I was going to say there’s nothing quite like it. Not about photography; not on the web. Brooks Jensen’s video series “Here’s a Thought” on the art of photography is, itself, a work of art. But in that way there is something else like it.
Every day, for a year now* — from March 2019 to March 2020 — Brooks Jensen, the publisher of Lenswork Magazine (LensWork.com : You can listen to a few of the most recent talks here without being a LensWork subscriber) has published a short, 2-minute, video talk on the art of photography. There are hundreds of small insights, tips, spurs and rules-of-thumb for photographers with one theme: how make and publish photographs as works of art.
(*Update Nov. 2022: Two years after I first published this article, the series continues daily. There are now some 1500 episodes!)
These talks are pages from the notebooks of a thoughtful, widely-admired but unpretentious publisher and photographer who has been practicing his art since the 1980s. It’s a one-to-one tutorial on motivating, conceiving, making, editing and curating photography. Most of all it’s about the discipline needed to make art. But, as the title suggests, there’s no study plan. Instead of marching right up to the question of how to be a photographic artist, Jensen wanders around it stopping, briefly, by lots of different answers to offer a few comments, some suggestions, sometimes a joke. It’s a collection of small entertainments, sure, but with some fascinating ideas included.
What do we see in these videos? Strangely, not a lot. They’re square; not in YouTube's 16:9 ratio. So we see a head-and-shoulders portrait of Jensen that nearly fills the frame. Behind him in most episodes is what seems to be well-ordered shelves of photography books. There’s nothing to focus on but Brooks’ face and expression, as if you were sitting across the table from him, not distracted by anything going on around you. The tight framing makes no room for debate or demonstration. There are no pictures. There’s no discussion except by Brooks; not much even in the comments below video. For good (doubtless) or otherwise, it’s all-Brooks all-the-time.
Sometimes we see him on location. In those videos, once or twice, he’s turned the camera so we see what he sees (Mt Hood in Washington state). One or two videos he made in a hotel room while travelling. But most of the time the only variables — apart from his, fortunately animated, expression — are his shirts. They tip us off to what seems to be production batching: four or five videos with the same button-down-collared shirt neatly pressed, then another four or five in an open-necked check shirt…
What do we hear (or read; there are close-captions if you want)? Almost anything about photographers, doing photography, and the practice and appreciation of art especially, but not exclusively, photographic art. There's very little about cameras or technique. Jensen is more interested in practice than in the practical details; probably because practice is much harder to learn and sustain.
Given their focus, the talks could have been serious, arty and dull. They could easily have been preachy. But Jensen is neither. His tone is pitch-perfect, the delivery is easy and thoughtful: a balance crafted, no doubt, over decades of podcasting and vodcasting.

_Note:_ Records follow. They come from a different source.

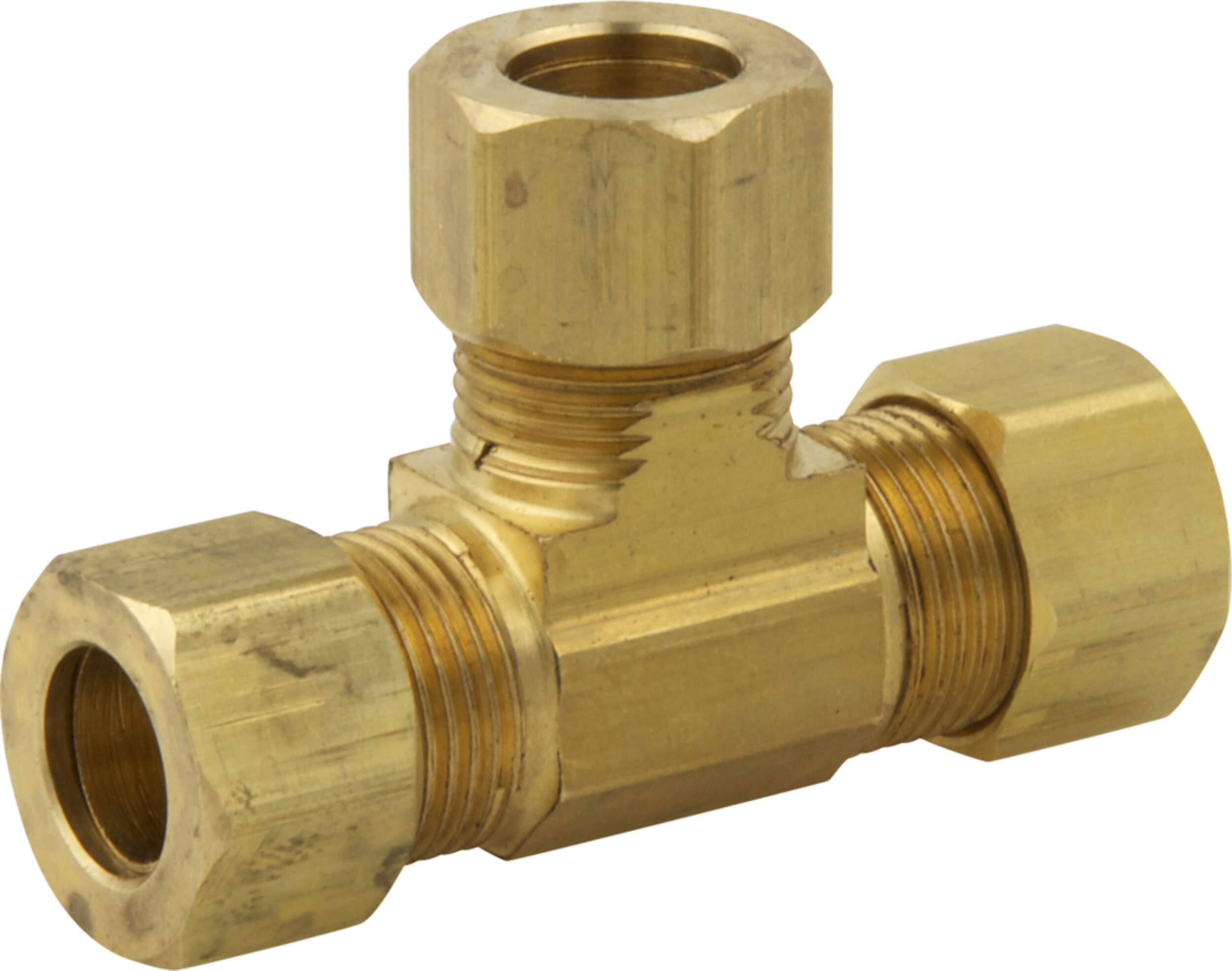 This sturdy PlumbShop compression tee is crafted from solid brass, ensuring reliable performance for years to come. With 3/8-inch outer diameter tube connections on all three ends, this tee fitting allows you to make junctions within your plumbing system with ease. Whether you need to divert water flow to another branch or connect pipes coming from multiple directions, this brass tee provides a secure fit and seal. Sold individually, this high-quality fitting is engineered to last through countless connections and disconnections.
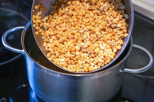 1. Дробленый горох промыть, замочить в холодной воде с добавлением 1 ч.л. соды на ночь.
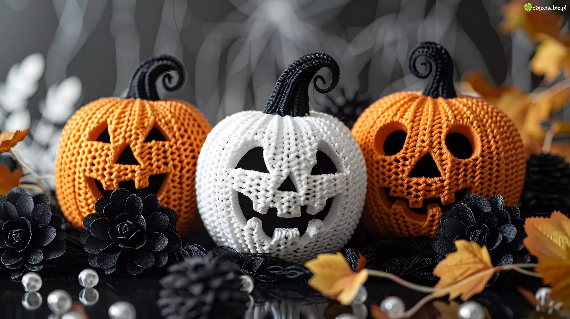 Zdjęcie Dynie, Kwiaty, Liście, Halloween

In such a brief format there’s a danger, too, of sounding glib. But Jensen warrants himself against that. He proofs his own advice by exposing his photography practice in a free, on-line collection of PDF booklets in a series named “Kokoro” where we can observe what use he makes of the ideas he discusses in the videos. We see it works, for him anyway.

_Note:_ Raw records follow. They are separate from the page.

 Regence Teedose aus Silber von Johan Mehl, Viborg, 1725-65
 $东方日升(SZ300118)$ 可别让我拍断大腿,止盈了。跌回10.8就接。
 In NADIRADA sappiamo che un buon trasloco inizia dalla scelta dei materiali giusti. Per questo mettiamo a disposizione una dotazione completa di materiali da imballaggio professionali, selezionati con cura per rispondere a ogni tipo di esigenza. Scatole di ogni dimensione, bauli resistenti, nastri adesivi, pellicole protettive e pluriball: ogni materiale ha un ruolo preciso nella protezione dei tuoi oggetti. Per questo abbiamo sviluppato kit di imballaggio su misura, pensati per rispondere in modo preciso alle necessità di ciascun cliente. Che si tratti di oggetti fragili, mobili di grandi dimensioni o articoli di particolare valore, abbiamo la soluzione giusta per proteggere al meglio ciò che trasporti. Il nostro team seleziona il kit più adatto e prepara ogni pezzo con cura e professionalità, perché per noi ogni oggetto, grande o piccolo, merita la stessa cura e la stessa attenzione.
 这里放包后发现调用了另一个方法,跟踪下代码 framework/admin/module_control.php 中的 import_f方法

Then Jensen is careful to insinuate his views; not to force them on his audience. The title of the collection, “Here’s a Thought”, suggests that each essay is no more than an off-hand remark: a throw-away. This is calculated misdirection, of course. Each 2-minute-or-so talk is, in reality, a small jewel of presentation with a closely-fitted structure. It follows an arch from title to exposition, usually backed by reminiscence, anecdote or example, to a discussion often with counterpoint leading to a final period that is not necessarily a conclusion.

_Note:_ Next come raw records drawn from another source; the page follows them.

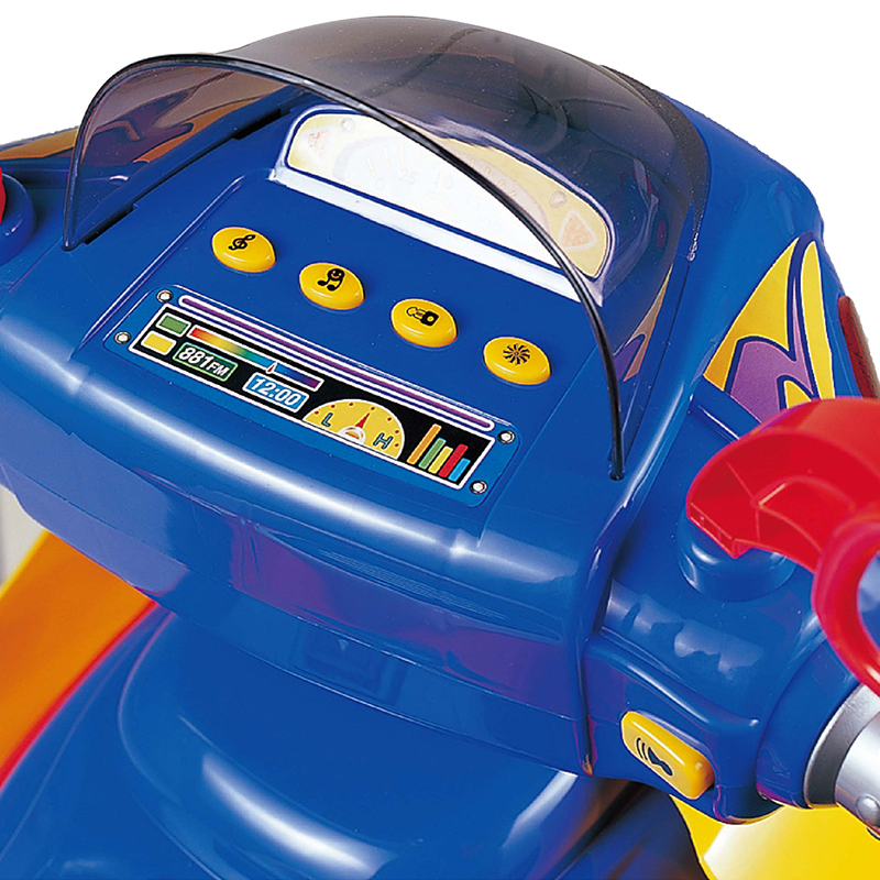 បំពាក់ដោយភ្លើង LED, តន្ត្រី, ឈ្នាន់, ប៊ូតុងទៅមុខ និងថយក្រោយ ម៉ូតូអគ្គិសនីនេះត្រូវបានធ្វើឱ្យប្រសើរឡើងដោយផ្អែកលើរទេះរុញអគ្គិសនីធម្មតា ដែលអាចនាំកុមារនូវបទពិសោធន៍ជិះពិតប្រាកដបំផុត។
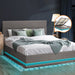 Bed Frame Queen Size Rgb Led Gas Lift Base Storage Grey
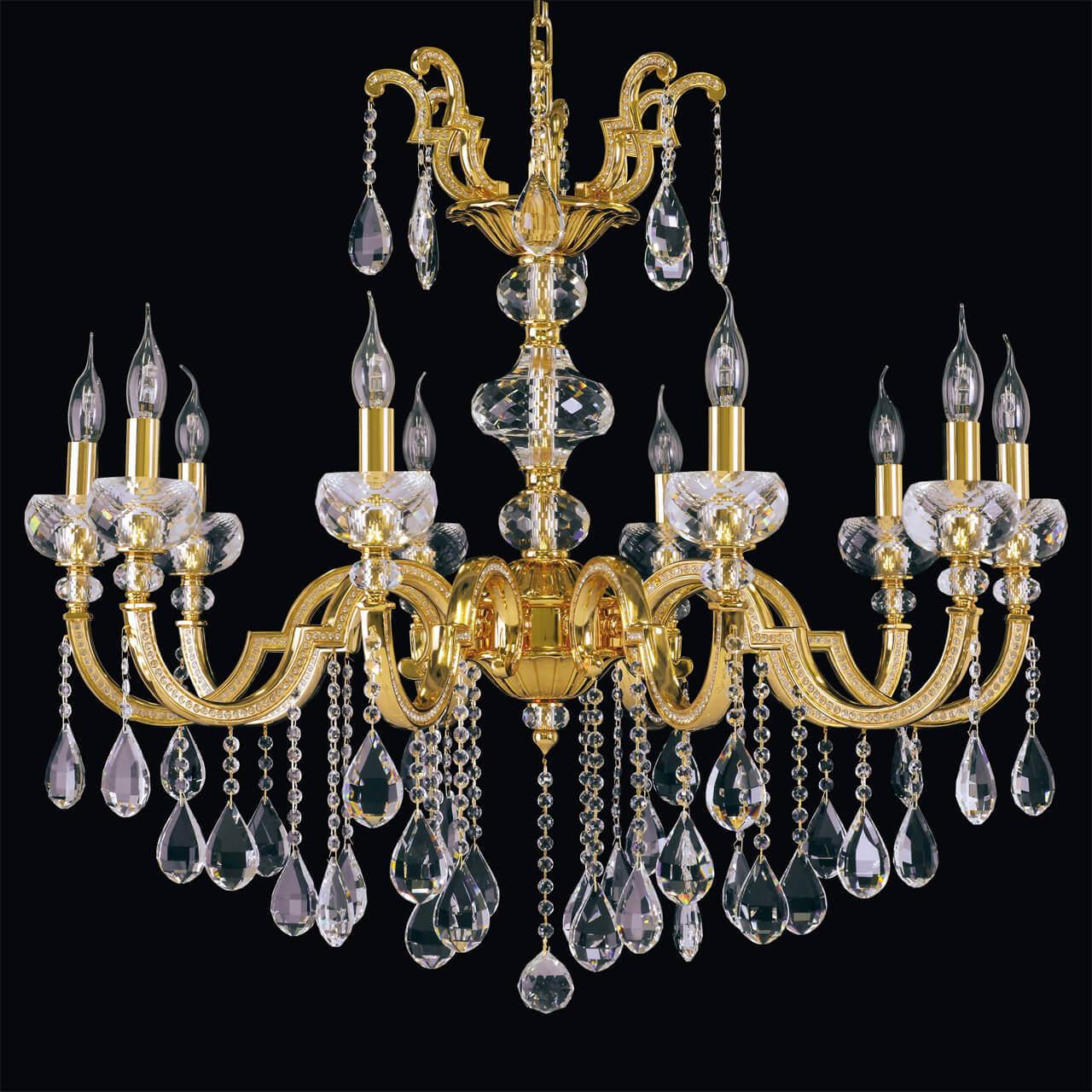 Производитель светильника рекомендует для устройства 10 ламп накаливания с цоколем E14 и мощностью 60 W, что позволит осветить помещение площадью 33,3 кв.м. Габариты изделия: высота – 2000 мм, диаметр – 880 мм.
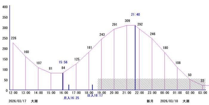 これだけ見るとこれは始めてのときが一番潮は動くはず、ついでに2回目の大潮の水位は58〜335でこのときの流れが一番強かった。
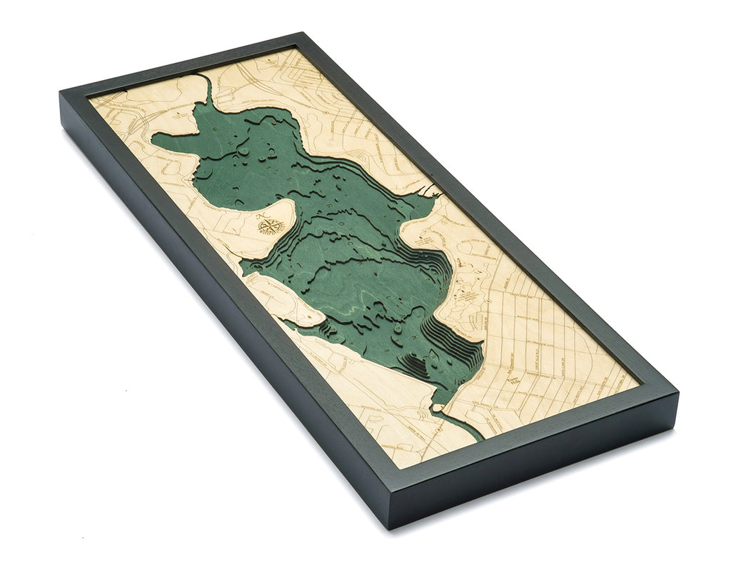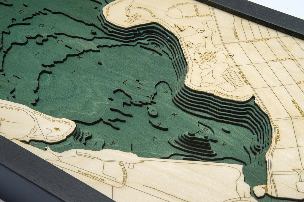 The depths of White Rock Lake are expertly and intricately detailed on the White Rock Lake, Texas, 3D wood lake. The map details are laser-cut into the high-quality Birch pieces, perfectly matching the dimensions of the shoreline. The pieces are seamlessly glued together and hand-stained to match the water and accentuate the depths and shallows. The 3D wood map is finished with laser engraved points of interest and a custom wood frame.

There are stories about famous photographers he has known or studied; ideas he has gathered from reading or music or from studying images as an editor or reviewer. There are stories about his successes and against himself; stories about other artists and what we should learn from other arts: from the novel, for example, or jazz. There are lots of jokes — often on him — at which he laughs himself. There are a few grouches. The pace is relaxed, which is a lot harder than it sounds when you have only a minute or so to make your point. But there are no gaps; no stumbling or forgetfulness.
Of course, Jensen knows his material very well. In these videos he is recycling, and even doubling-up, on his own library. An hour or two spent at Lenswork.com is enough to turn up many similar ideas in different formats. The site hosts stacks of videos, monographs, e-books and copies of Lenswork Magazine, to which he contributed editorials, going back to the early 1990s. His e-books alone (“Single Exposures” 1-3, “Letting Go of the Camera” and “The Creative Life in Photography”) offer scores of short essays on pretty much the same topics as he covers in his current series. The books, in turn, borrow from the transcript of hundreds of audio podcasts Jensen made between 2006 to 2010. Even some of his earliest Lenswork magazine editorials still get a run. For example, somewhere in the last few months of “Here’s a Thought” — I can’t seem to find it right now — Jensen mentions learning from the work of Joni Mitchell. A quick search of the LensWork site turns up an editorial with the same title in the 9th edition of Lenswork — published in the Spring of 1995.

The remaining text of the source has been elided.